Introduction to Recurrent Neural Network

Deep Learning and Natural Language Processing are the buzzwords of our generation in the field of Artificial Intelligence and everyone wants to learn it. RNN is one of the most basic structure of deep neural networks for NLP tasks. NLP requires the data to be understood in sequence and each word in a sequence is related to each other. It is even difficult for humans to understand the exact meaning of a sentence if each word of the sentence is separated i.e., in bag-of-word model.

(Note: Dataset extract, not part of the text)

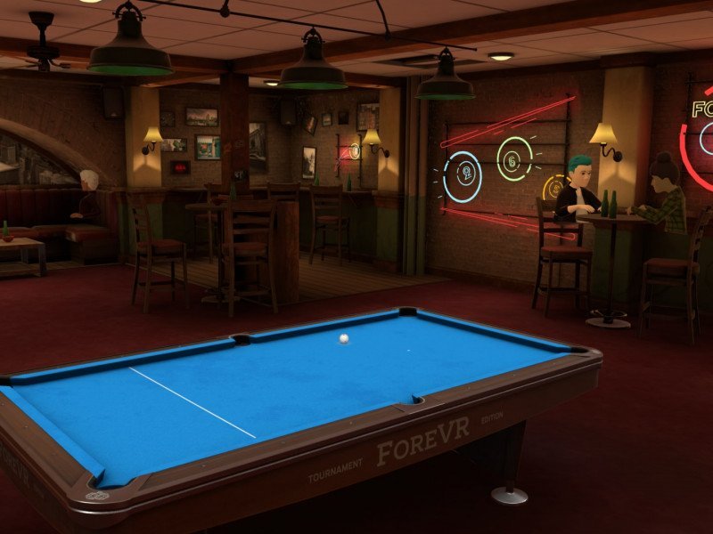 Vous entraînant dans des bars qui ne manquent pas de style, ForeVR Pool est donc un jeu de billard entièrement jouable en VR. Développé par ForeVR Games, le titre fait preuve d'un assez grand réalisme dans son gameplay. Nous découvrons une immense salle de jeux, nécessitant moins de deux mètres carrés, qu'il est possible d'explorer librement. Nous avons plusieurs défis dans le jeu et vous pouvez jouer en ligne et hors ligne. De quoi donc séduire les fans à priori, même si la réalisation technique se montre parfois assez austère, malgré des graphismes plutôt agréables et d'un grand réalisme. Les personnages du jeu sont quant à eux modélisés très simplement, comme en témoigne les images ci-dessous. Mais bon, ce n'est pas un problème en soi, car il est fréquent dans les jeux de billiard qu'aucun personnage ne soit présent autour de la table et que la queue de billard flotte comme par magie. La jouabilité se montre globalement satisfaisante, avec une physique des billes plutôt correcte, et une sensibilité des mouvements assez crédible. Nous sommes surpris de la véracité des mouvements des contrôleurs Sense. Une fois à la table, nous pouvons nous déplacer d'un côté à l'autre, et lorsque c'est à notre tour de jouer, nous pouvons appuyer sur les gâchettes pour viser et effectuer le coup. En revanche, le jeu n’utilise actuellement aucun retour haptique dans les contrôleurs. Il y a des options pour activer une locomotion fluide et des virages fluides, y compris un curseur pour la vitesse de rotation, mais cela se fait au prix de la perte des commandes de téléportation très bien mises en œuvre qui vous permettent d'accéder très rapidement de l'autre côté de la table de billard.

Important Points to Ponder before we dive into architecture of RNN:

1. Time stamps have nothing to do with past, present, and future. Here time stamp represents a word or an item in a long sequence.
Example : Consider the sequence [“I”, “am”, “a”, “boy”]. Time stamp for “I” is x(0), “am” is x(1), “a” is x(2) and “boy” is x(3).
If t=1,
x(t) = “am” →“Event at current time stamp”
x(t-1) = “I” → “Event at previous time stamp”
2. Do not get confused with unrolled version network. In most of the libraries (e.g. Tensorflow, Theano), RNN networks are not implemented as unrolled version. They internally use while loop to calculate the values.
3. RNN network shares weights in time time. W and U in RNN equation remain same for all the inputs at t and hidden states from t-1.

What is Recurrent Neural Network(RNN) ?

RNN or Recurrent Neural Network is a class of artificial neural network which uses the output of hidden state produced by previous input and current input to produce current output. In other words, it uses memory for producing the desired output.

RNN remembers what it knows from previous input using a simple loop. This loop takes the information from previous time stamp and adds it to the input of current time stamp.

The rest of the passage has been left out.